Singapore's MyRepublic Seeking Private-Equity Backing for M1 Bid, Sources Say

  • Company competing with China Broadband Capital, Shanxi Meijin
  • MyRepublic lost bid last year to become fourth operator

MyRepublic Ltd., the Singapore internet provider backed by billionaire Xavier Niel, is seeking a private-equity partner as it bids for local wireless carrier M1 Ltd., according to people with knowledge of the matter.

MyRepublic, which last year unsuccessfully bid for Singapore’s fourth mobile operator license, has been approaching buyout firms about helping finance its planned offer for M1, the people said, asking not to be identified because the process is private. M1 shares have risen 15 percent this year, giving the company a market value of about S$2.1 billion ($1.5 billion).

Warburg Pincus had earlier expressed interest in M1, though the private equity firm is no longer pursuing a deal, the people said. Chinese coal miner Shanxi Meijin Energy Co. and China Broadband Capital also submitted first-round offers for Singapore’s third-largest carrier, people with knowledge of the matter said last month.

“I do think that MyRepublic has some advantages because this is an operator who has a fixed broadband business running in Singapore,” Sachin Mittal, a Singapore-based analyst at DBS Group Holdings Ltd., said by phone Wednesday. “They know the fixed broadband and the mobile landscape probably better than anyone else.”

There’s no certainty the deliberations will result in a transaction, and M1’s major shareholders may decide not to sell their stakes if the offers aren’t satisfactory, according to the people.

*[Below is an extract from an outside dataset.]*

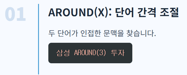 - AROUND(숫자): 두 단어가 설정한 숫자 이내의 간격으로 배치된 결과만 보여줍니다.
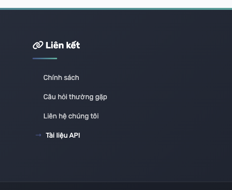 Bước 1: Truy cập vào website cần kết nối -> kéo xuống dưới chân trang -> nhấn vào nút Tài liệu API.

MyRepublic, led by former StarHub Ltd. executive Malcolm Rodrigues, sought last year to become Singapore’s fourth wireless carrier with a pledge to offer unlimited data plans. It had hired banks at the time to help raise S$250 million for its bid. TPG Telecom Ltd. won the spectrum auction in December with a S$105 million offer, entering a market that has one of the world’s deepest penetration rates.

“Part of the driver for them to do this is that they didn’t manage to get the fourth telco license,” said Clement Teo, a Singapore-based analyst at research firm Ovum Plc. “This is another way for them to get back into the game without waiting for the Singapore government to release another license.”

M1’s largest owners Axiata Group Bhd., Keppel Telecommunications & Transportation Ltd. and Singapore Press Holdings Ltd. said in March they appointed Morgan Stanley for a strategic review of their stakes in the company. The three companies together own more than 60 percent of M1, according to data compiled by Bloomberg. 

“As M1 is a publicly listed company, MyRepublic is unable to provide a comment at this point,” a spokesman for MyRepublic said by email. Representatives for Singapore Press and Warburg Pincus declined to comment, while representatives for Axiata, Keppel T&T and M1 declined to comment beyond earlier exchange filings.

MyRepublic, which was started in 2011, provides internet services to more than 50,000 homes and businesses in Singapore, according to its website.